The truth is that this is quite rare in stocks.

For instance, if you had invested $1000 in Solana on January 1, 2021, at $1.837, your investment would have been worth $182,000 right now at the trading price of $182.

Crypto investment can be that rewarding if you are not a weak hand. A noob may ask where the money is coming from. No central institution regulates cryptocurrency.

Thus, their value comes from the cost of production, supply, demand, adoption and availability on exchanges and utility.

Understanding the Supply and Demand in Cryptocurrency

From our economics textbook, we can recall that if the demand for an asset goes up faster than the supply, the price of that asset will go up.

For instance, if there is an earthquake in a location, the price of water will increase if the demand is static. This same economic principle applies to cryptocurrencies.

We are getting to the mass adoption phase, and we are seeing institutional investors such as MicroStrategy and a country like Ecuador betting big on cryptocurrencies. What a great time to be alive!

It’s Important to Recognize the Risks of Volatility

The value of cryptocurrency goes up and down just like the stock market. A lot of people want to get into crypto and reap 100x profit.

While there is no utmost certainty that an asset will continue to be profitable, it is always important to know when to buy an asset and sell or take profit.

In the words of Warren Buffet, “Be fearful when others are greedy and be greedy when others are fearful.”

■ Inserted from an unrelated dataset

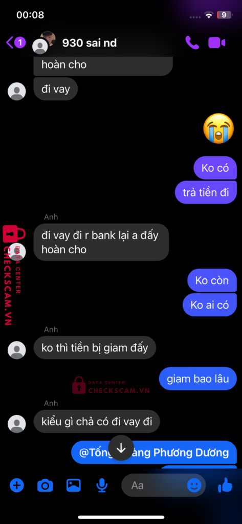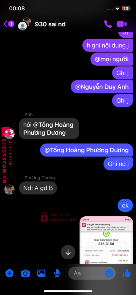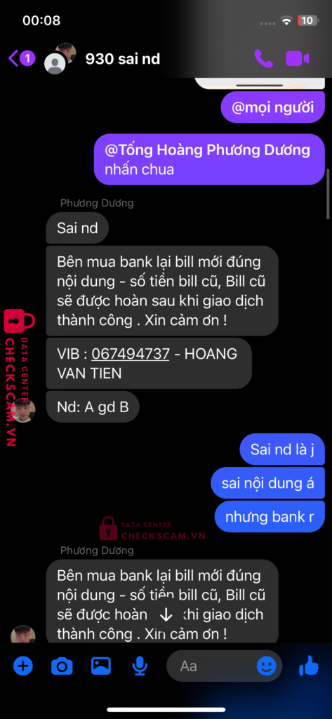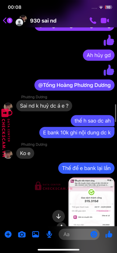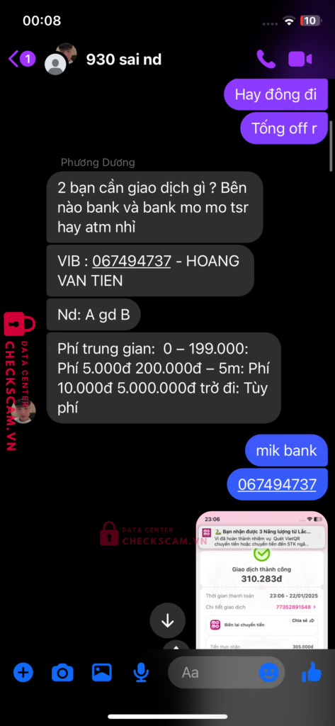 Scammer Alert: HOANG VAN TIEN Reported: March 7, 2025 Scammer Information Full Name: HOANG VAN TIEN Payment Gate: ViB Payment Account: 067494737 Category: Marketplace scams Source: Checkscam Evidence Files Report Description Lừa đảo cọc tiền giao dịch trung gian. Bắt chuyển khoản nhiều lần . Giả vờ sai nội dung sai số tiền và bắt chuyển lại liên tục Comments Your comment Add Comment No comments yet. Be the first to share your experience with this scammer.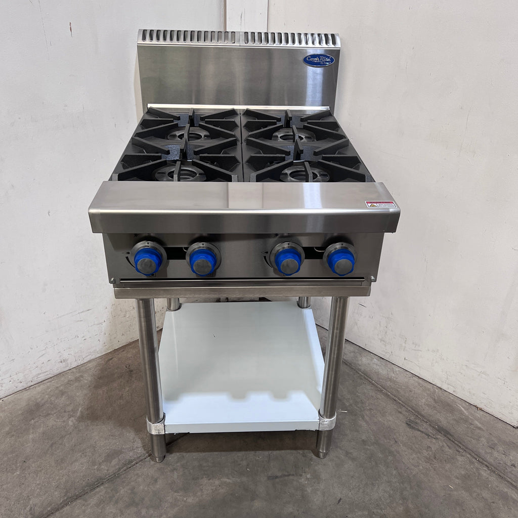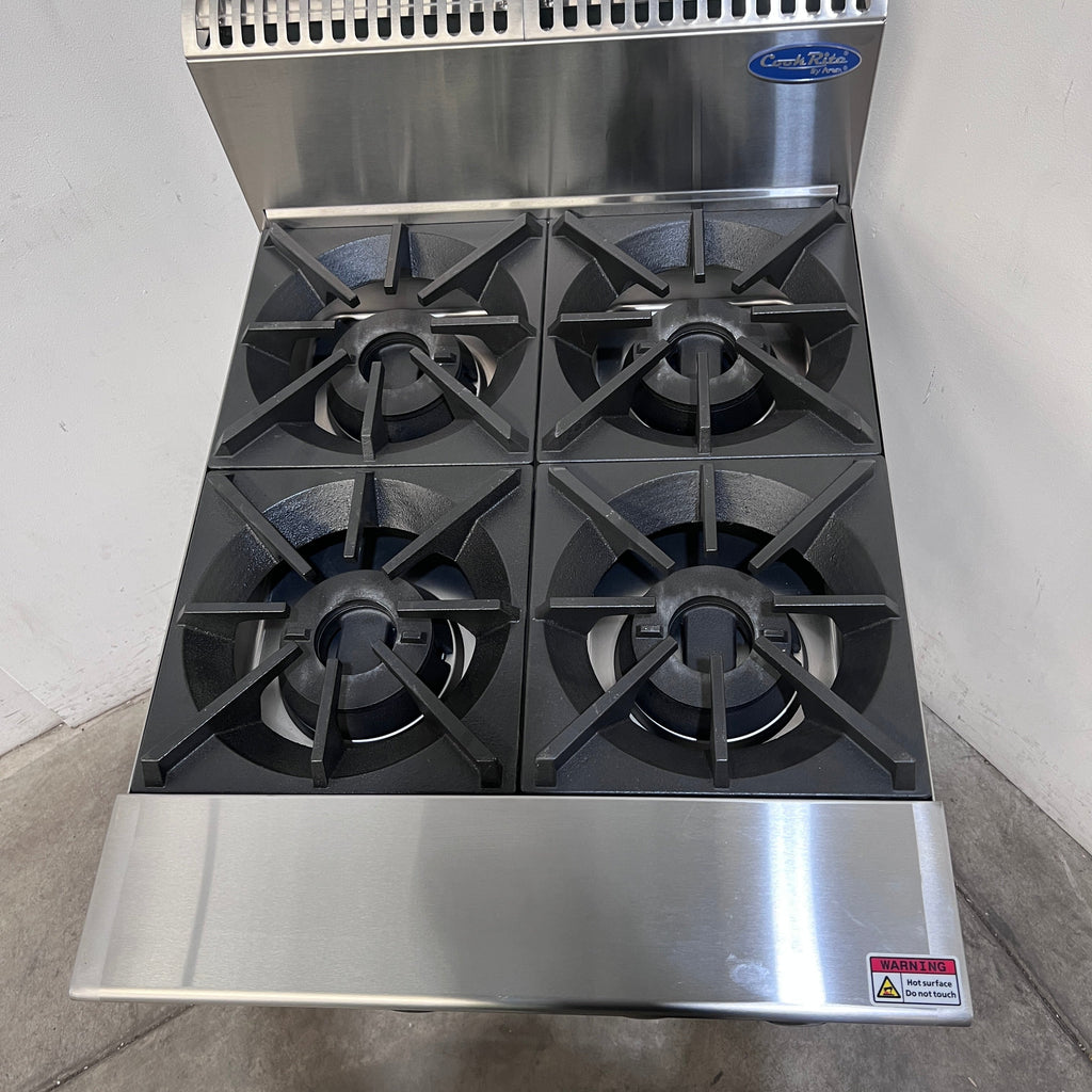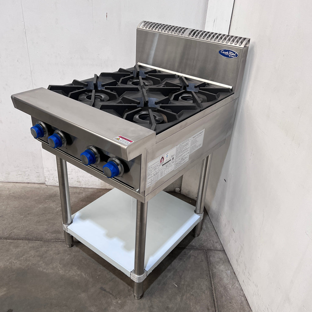 Cooktop. Features 4 Burner Cooktop, Drip tray, Adjustable feet, Mid shelf, Flame fail valve, Heavy-duty trivets, Standby pilot, S/S Finish, Scratches & Dents, 112Mj/hr, Natural Gas,600mmW x 800mmD x 1115mmH, 70KG

Most people in the crypto space are fearful. The best time to buy cryptocurrency is during the bear market. When the asset is going down. When every Tom, Dick and Harry is panic-selling.

When people are fearful and worried, they might lose their holdings. Have a list of cryptocurrencies you would like to invest in and wait for the red candles to show up.

Another great time to buy is during the weekend when most institutional investors are closing their trades for the week.

Right now, we are seeing a massive shift from the traditional ways of investing, where you need Arif Efendi a broker, to a modern way, where you can purchase crypto from the comfort of your room.

Which Cryptocurrency Should I Buy?

There are several cryptocurrencies to choose from if you check coinmarketcap.com.

My top pick has always been Solana (SOL), followed by AVAXPOLIS and ATLAS.

It is even easier now to monitor and track your favorite coins. With an app like Tabtrader, you check each swing and know when to buy more or take profits.

If you are holding your cryptocurrency for a long time, you can take it and collect airdrops or move them to wallets like Trustwallet, Imtoken or Myetherwallet and use secure passwords to protect them.

It is also important to keep your 12-word phrase so you can restore your asset in case your host device gets missing or stolen.

Conclusion

With all this information, you are your bank, and you can transact at any time and anywhere you find yourself in the world.

And who knows, maybe you can even make enough ROI to donate to your favorite charities.

You can follow Arif Efendi on Twitter here: https://twitter.com/arifouo

Source:

https://reporterbyte.com/technology/1407/businessman-arif-efendi-sh...

Weergaven: 8

Reactie van James Willey op 1 Juli 2022 op 20.56

The fundamental principle of a bollinger bands strategy is the squeeze principle. When the bands contract and the gap between top and bottom values contracts, prices will often move in a sharp way. This is a good signal for upcoming high volatility and many traders use the squeeze to trade. If you're new to this strategy, here are a few basics you should know. Read on for more information. And as always, remember that practice makes perfect, so don't be afraid to take risks.

Reactie van James Willey op 22 Oktober 2022 op 15.09

Cryptocurrency market makers are businesses that help set the prices of different cryptocurrencies. They control the number of coins in the market and set prices based on demand and supply. By making these decisions, market makers can increase the value of an undervalued coin or lower the price of a highly-priced one. Some of the most experienced market makers in the world include Alameda Research, which was founded in October 2010 and operates on all major exchanges around the world. The company trades up to one billion dollars worth of cryptocurrency every day.